At the same time, in a rare phone call with Karzai, Obama indicated he was willing to wait his mercurial counterpart out and sign a security agreement with a new Afghan president after April elections. That would allow the U.S. to keep as many as 10,000 troops in the country.
The effort seemed aimed at marginalizing Karzai's role in the high-stakes negotiations over the future of the lengthy American-led war.
"We will leave open the possibility of concluding a (security agreement) with Afghanistan later this year," the White House said in a statement following the call. "However, the longer we go without a (deal), the more challenging it will be to plan and execute any U.S. mission."
Obama's attempt to minimize Karzai's importance to U.S. decision-making underscores how fractured the relationship between the two leaders has become.

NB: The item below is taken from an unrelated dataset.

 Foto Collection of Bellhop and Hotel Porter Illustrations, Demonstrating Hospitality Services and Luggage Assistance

Tuesday's phone call was the first direct contact between Obama and Karzai since last June. The Afghan leader has deeply irritated Washington with anti-American rhetoric, as well as with his decision this month to release 65 prisoners over the objections of U.S. officials.

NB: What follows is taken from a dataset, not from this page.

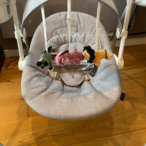Pent brukt vippestol/babysitter. Bebis kan ligge flat eller sitte opp. Avtagbar leke følger med, den kan lett brukes på vogn, bilstol og lignende.

The White House insists it won't keep any American troops in Afghanistan after December without a security agreement giving the military a legal basis for staying in the country. While the White House did not publicly set a deadline for finalizing the agreement before that time, officials said the size and scope of the any U.S. mission could shrink the longer Obama waits.
Despite the troubled ties between Washington and Kabul, many of Obama's advisers want to see American troops stay in Afghanistan after the war formally concludes in December. The Pentagon envisions keeping up to 10,000 troops in Afghanistan to focus on counterterrorism and the training of Afghan security forces, though some White House advisers would prefer keeping fewer troops, if any.
The U.S. military has also drawn up blueprints for a full withdrawal, and Tuesday's developments appeared to push that idea closer to the forefront of Pentagon planning.
Obama's call with Karzai coincided with key military meetings on Afghanistan. Defense Secretary Chuck Hagel will meet with his NATO counterparts in Brussels later this week. And Joint Chiefs Chairman Gen. Martin Dempsey arrived in Afghanistan on Tuesday to visit U.S. military leaders in the country and assess the security situation on the ground.
Dempsey, speaking to reporters traveling with him, said that while the U.S. remains committed to helping Afghanistan after this year, "I can't ask the young men and women to serve in a country without the protections afforded by a bilateral security agreement."